Methods: Experimental periodontitis was induced in New Zealand white rabbits with silk sutures tied around the mandibular second premolars bilaterally, followed by the topical application of 109 colony forming units (CFU) of P. gingivalis. 1-Tetradecanol complex (1-TDC) was topically applied at 1- and 10-mg/ml concentrations in five animals in each group, whereas control animals received olive oil vehicle (five animals) three times per week for 6 weeks. Negative controls included ligature alone (14 animals) or ligature + P. gingivalis (non-treatment; 15 animals). Rabbits were sacrificed after 6 weeks, and mandibular block sections were obtained; tissues were decalcified and embedded in paraffin. Thin sections (5 μm) were stained with hematoxylin and eosin or tartrate-resistant acid phosphatase. Macroscopic and histologic evaluation of samples was followed by the characterization of cellular inflammatory infiltrate and quantitative histomorphometric measurements.
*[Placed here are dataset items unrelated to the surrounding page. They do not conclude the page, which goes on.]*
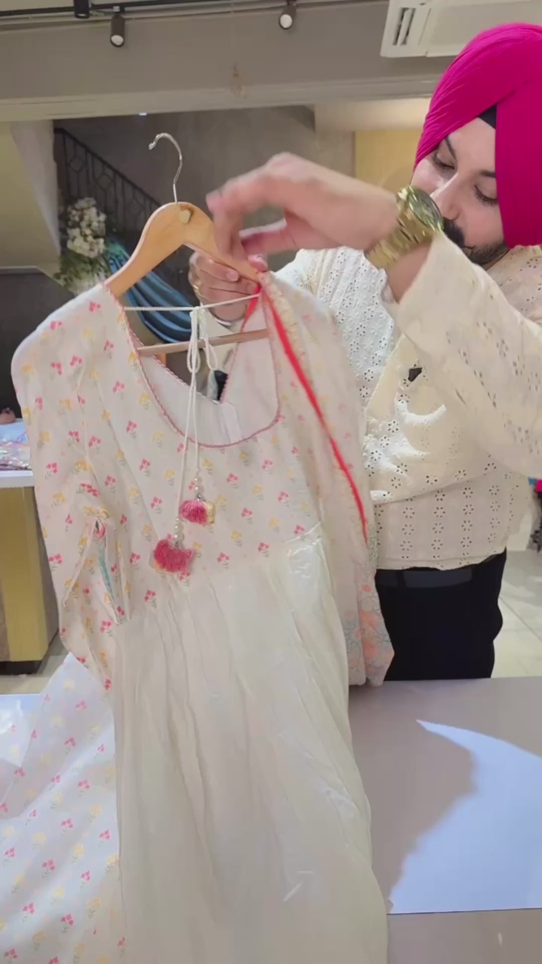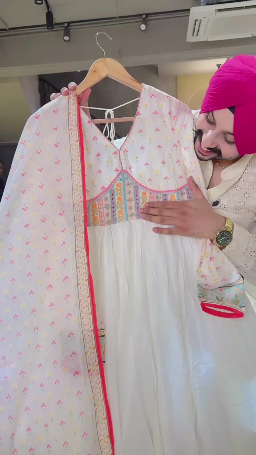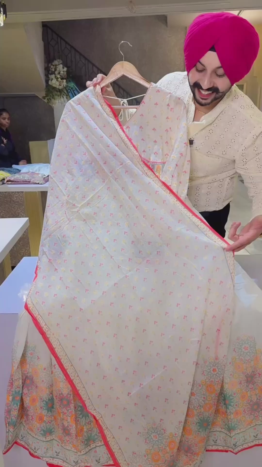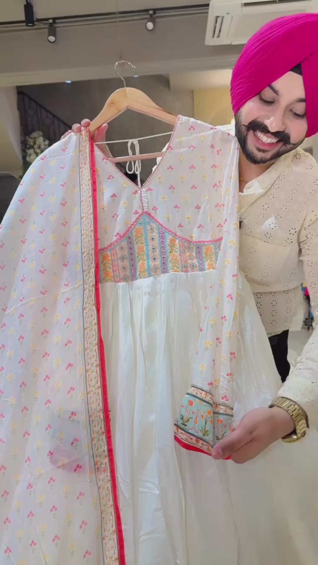 Moon White Pure Mal Cotton Floral Print Anarkali Gown With Beautiful Embroidery work on the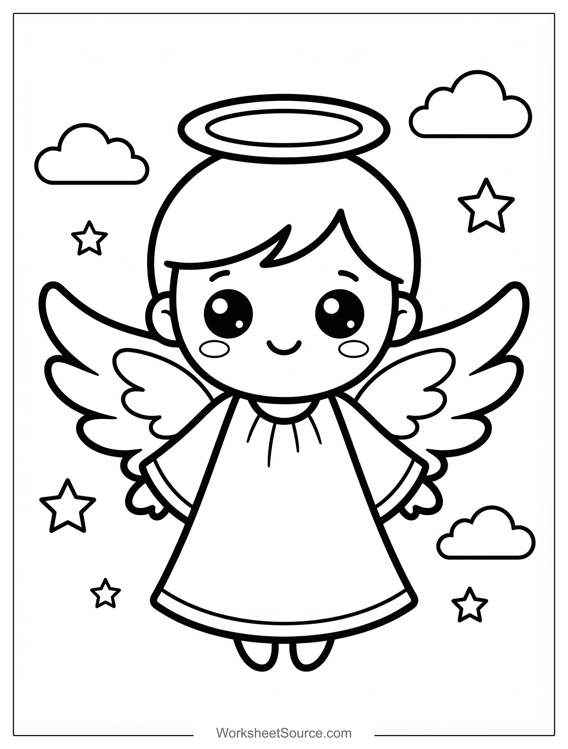 Download this free printable Kawaii Angel coloring page for kids. Great for classroom activities, home learning, and creative fun.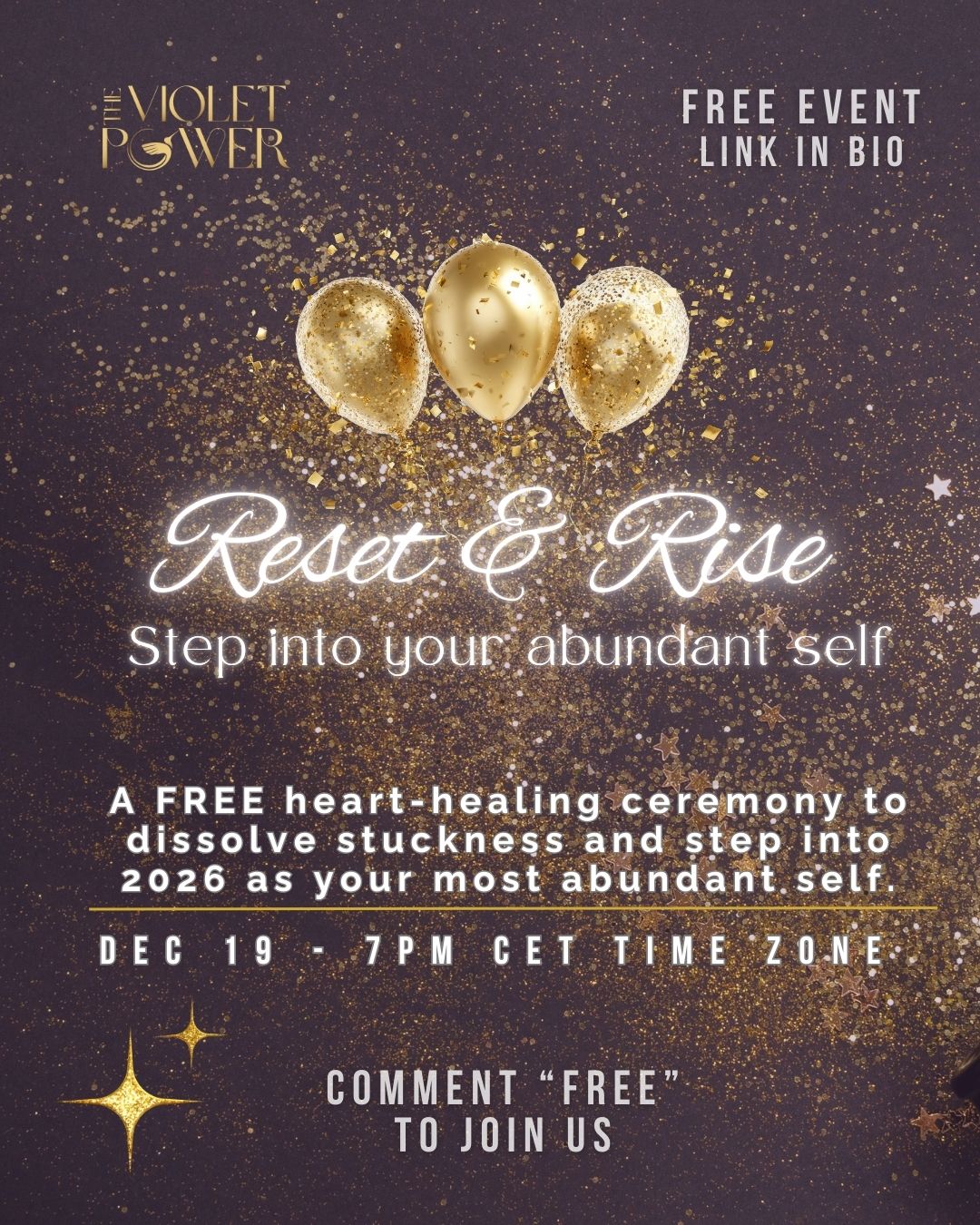 This is what you will receive inside this FREE Reset & Rise ceremony. Together we will gently dissolve the stuckness and emotional residue of 2025, close old cycles with gratitude, and guide you back into your heart so you can anchor deep worthiness, self-trust and alignment. You will be held in a powerful field of healing and remembrance, so you can step into 2026 as your most abundant, open-hearted, authentic self.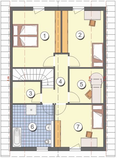 Das Dachgeschoss dient der Familie mit seinen drei Schlaf-zimmern und dem großen Badezimmer zum Ausruhen und Entspannen.
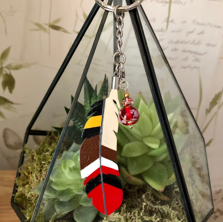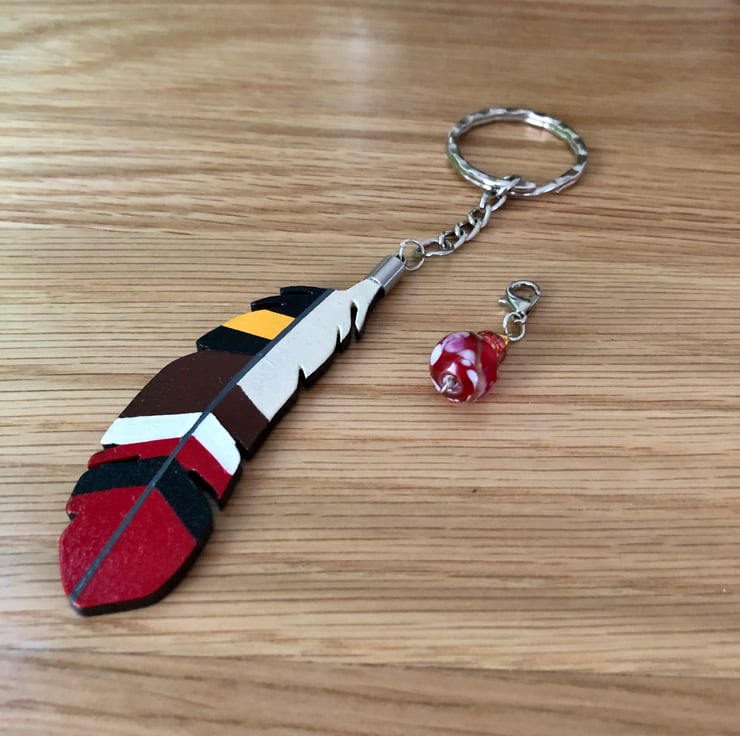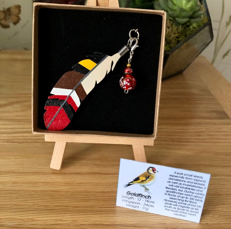 A unique hand-painted wooden keyring with a varnished finish inspired by the plumage of a goldfinch and removable bead charm.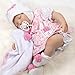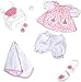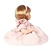 7-Piece Realistic Baby Doll Set. Comes with pink and white dress with llama pockets, white bloomers, wooly llama cap with matching booties, magnetic pacifier, and white velour blanket.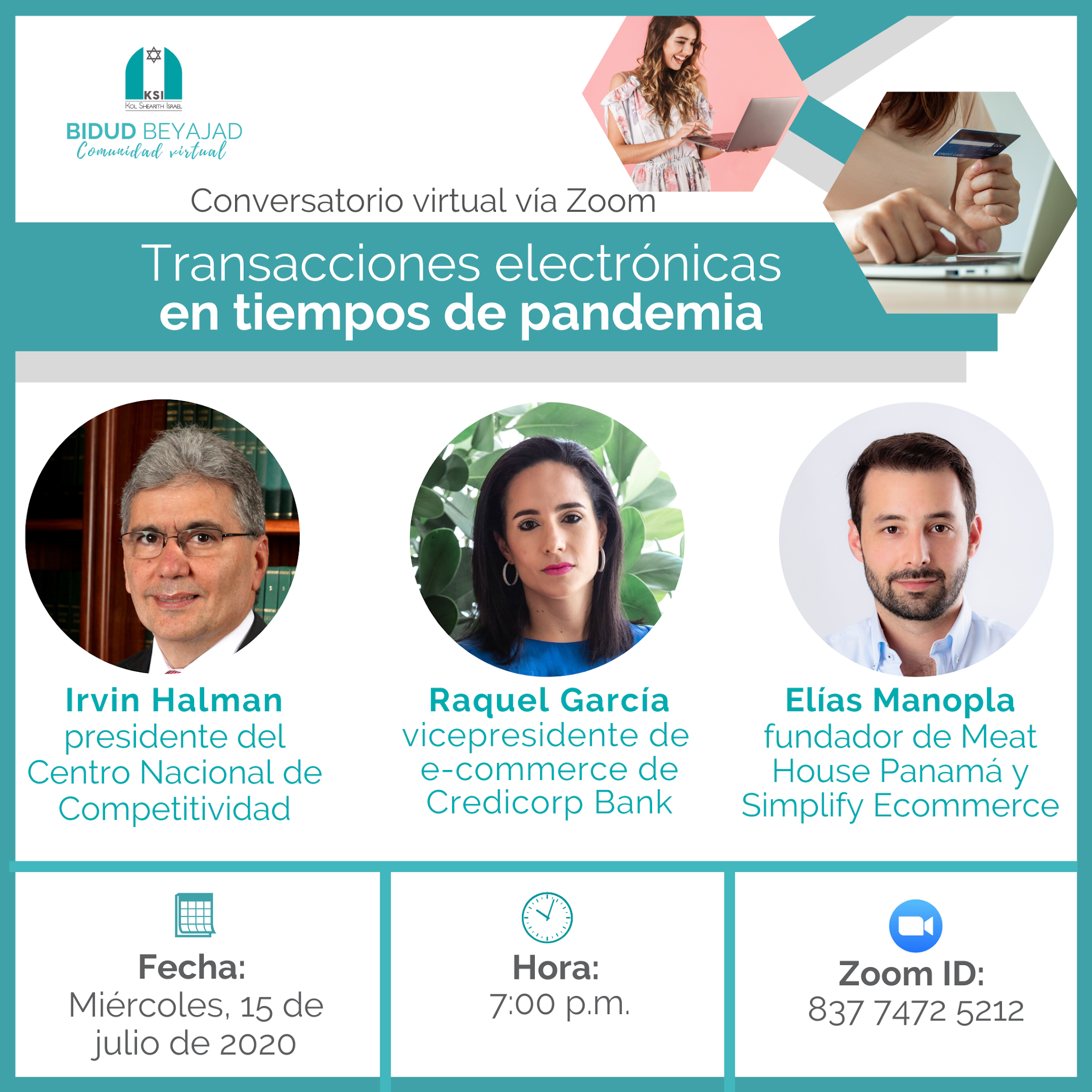 Por esta razón decidimos conversar sobre e-government, e-banking y e-commerce con Irvin Halman, presidente del Centro Nacional de Competitividad; Raquel García, vicepresidente de e-commerce de Credicorp Bank, y Elías Manopla, fundador de Meat House Panamá y Simplify Ecommerce.
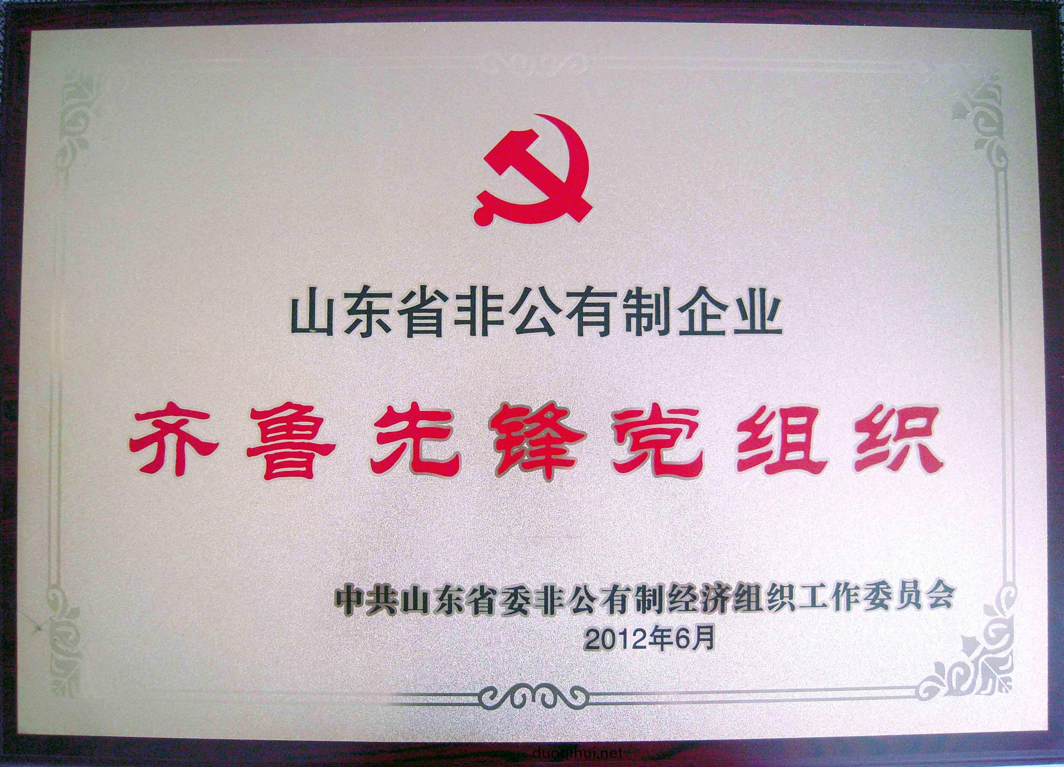 2012年(nian)6月(yue),中(zhong)共(gong)山東宏康(kang)機械(xie)製(zhi)造(zao)有(you)限(xian)公(gong)司(si)黨(dang)總(zong)支委員會被(bei)中(zhong)共(gong)山東省委非(fei)公(gong)有製(zhi)經濟組織(zhi)工作(zuo)委(wei)員(yuan)會授予“山(shan)東省非公有製企業齊魯先(xian)鋒(feng)黨(dang)組織(zhi)”榮(rong)譽稱(cheng)號。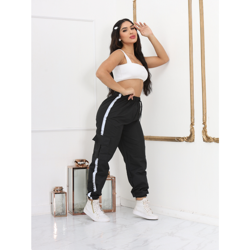 Calça Jogger Cargo Feminina TACTEL Com Faixas Refletivas e bolsos laterais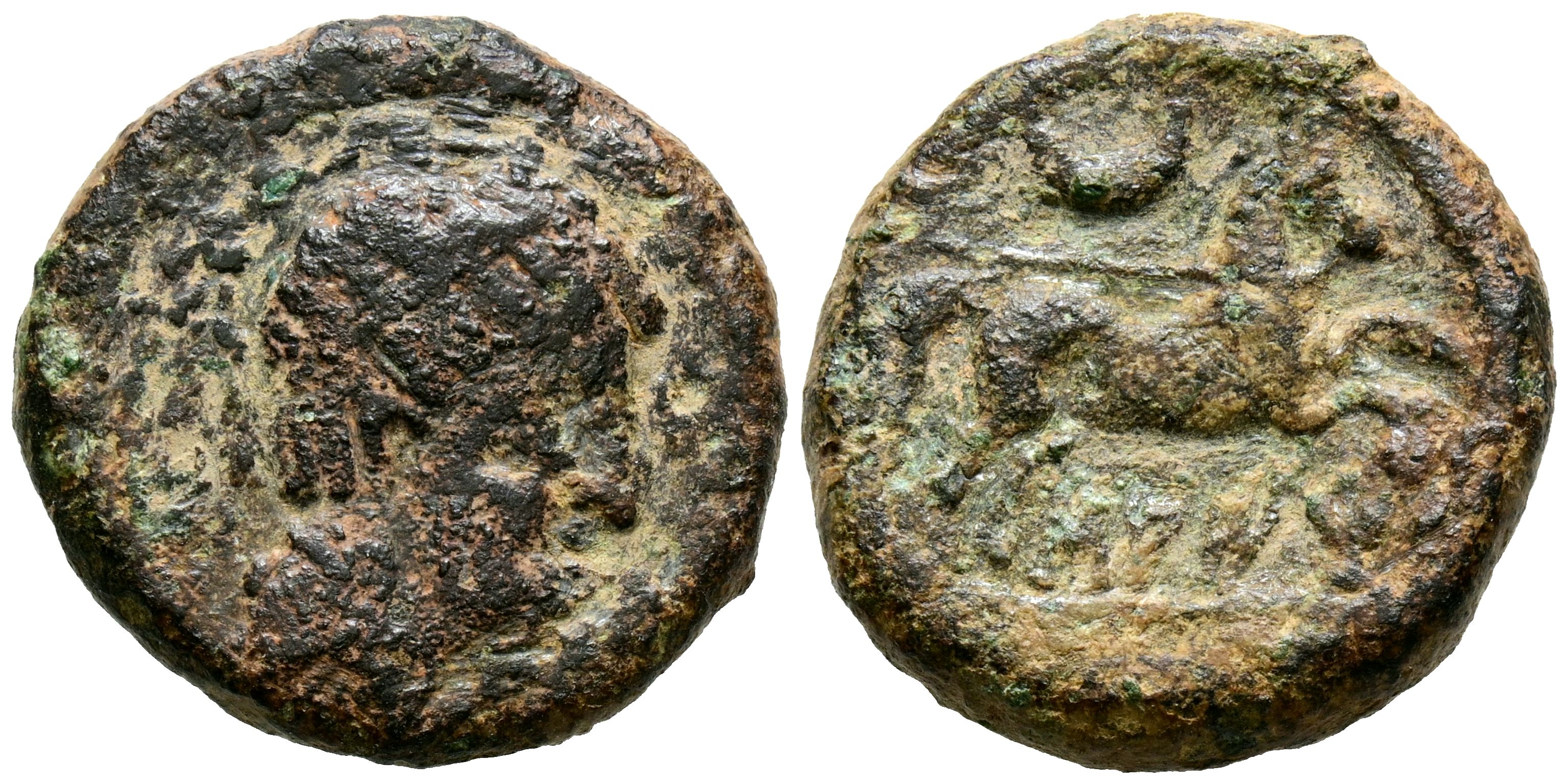 SAITI (Xátiva, Valencia). Semis. (8.16g/21mm). 120-20 Fine (FAB-2102). Obv: Diademed male head right, behind Iberian letters: Ce/Ce. Rev: Horse right, above crescent, below Iberian legend: SAITi. Good Fine. Rare specimen.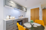 As you step inside, you'll be greeted by a modern and chic atmosphere, carefully designed to provide you with the utmost comfort. Our Apart-hotel boasts a range of stylish and spacious apartments, each equipped with all the amenities you'll need to feel right at home. Sink into plush beds, relax in the inviting living areas, and whip up delicious meals in the fully stocked kitchens.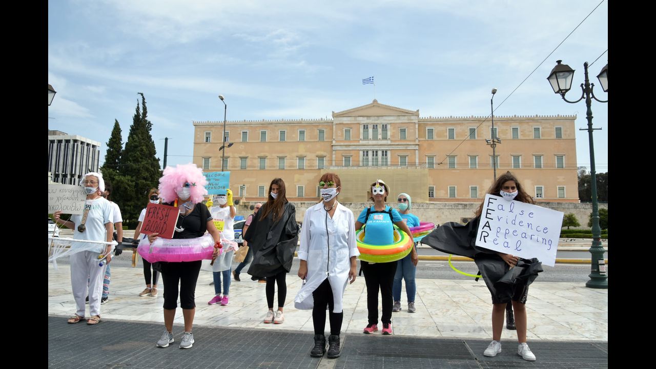 Διαμαρτυρία για τα μέτρα και τις μάσκες που διοργάνωσε το Αφυπνιστικό Θέατρο της Κίνησης ΦΩΣ ΣΕ ΔΡΑΣΗ , στο κέντρο της Αθήνας το Σάββατο 26/9/2020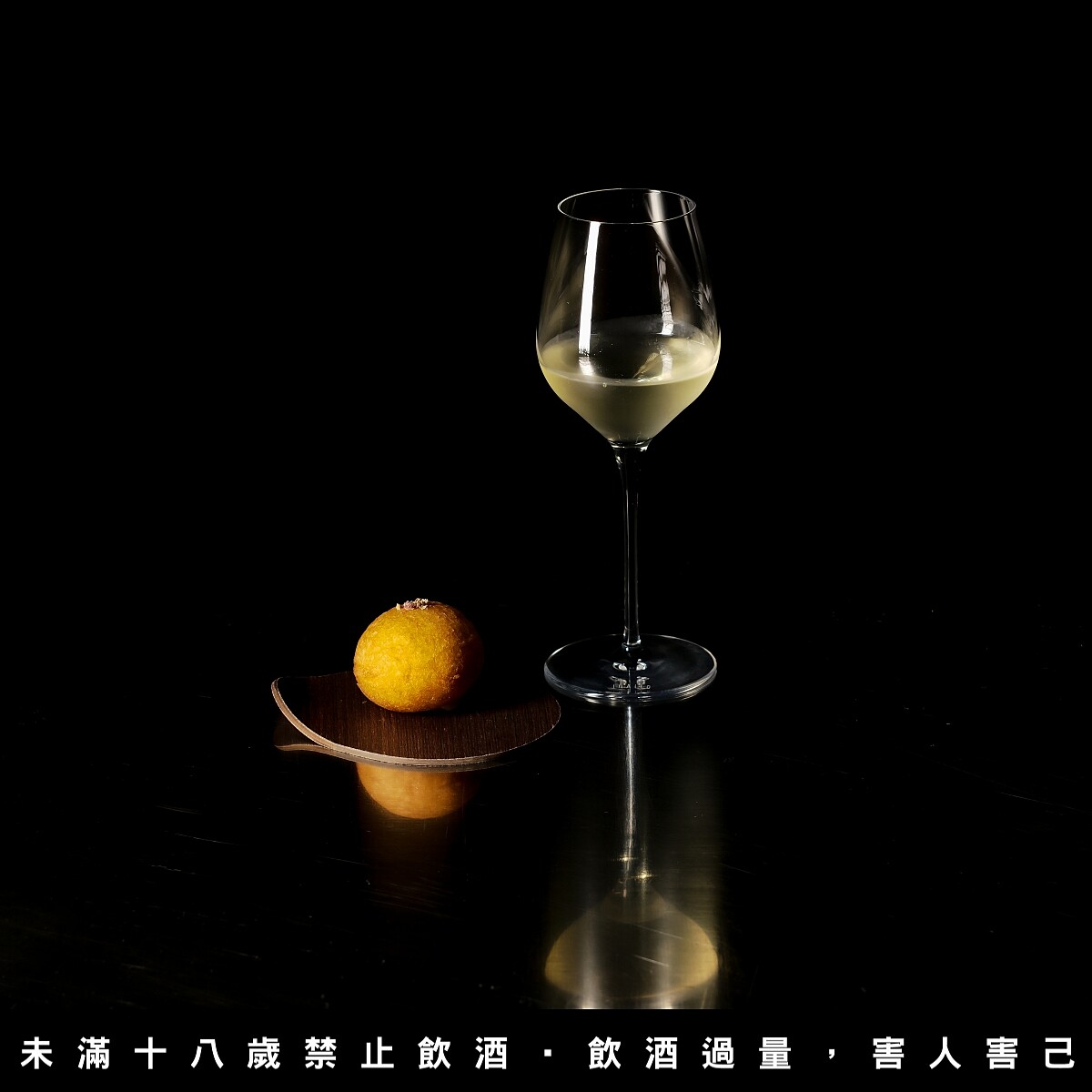 第一道即端出 MUME 經典菜色,以重口味的「Wagyu tartare」直球對決作為開場,在和牛塔塔中拌入蛋黃醬,加入菜脯跟醋漬洋蔥帶出酸度與爽脆口感,開胃之餘,也有著明確的 MUME 風格。第一杯搭酒,以血紅色呼應著牛肉的色澤,清新的莓果酸度帶點微氣泡,結合淡淡木質調,並加入意想不到的材料—「醬油」,引出一絲奶油風味和 umami 的醬香。

Results: Treatment with both concentrations of 1-TDC and vehicle resulted in significant prevention of macroscopic periodontal inflammation and bone loss (75%; P <0.05) compared to the non-treatment (ligature + P. gingivalis) group, where significant periodontal tissue destruction characterized by attachment and bone loss was detected. However, there was no statistically significant difference between the vehicle and both 1-TDC groups. Histologically, 1-TDC inhibited inflammatory cell infiltration and prevented osteoclastogenesis, whereas treatment with vehicle did not show the same effect as in the 1-TDC groups; the difference between vehicle and the higher concentration of 1-TDC (10 mg/ml) was statistically significant.
Conclusion: Topical application of an esterified monounsaturated fatty acid complex (1-TDC) was found promising in preventing bone loss, inflammatory cell infiltration, and connective tissue destruction in the rabbit periodontitis model.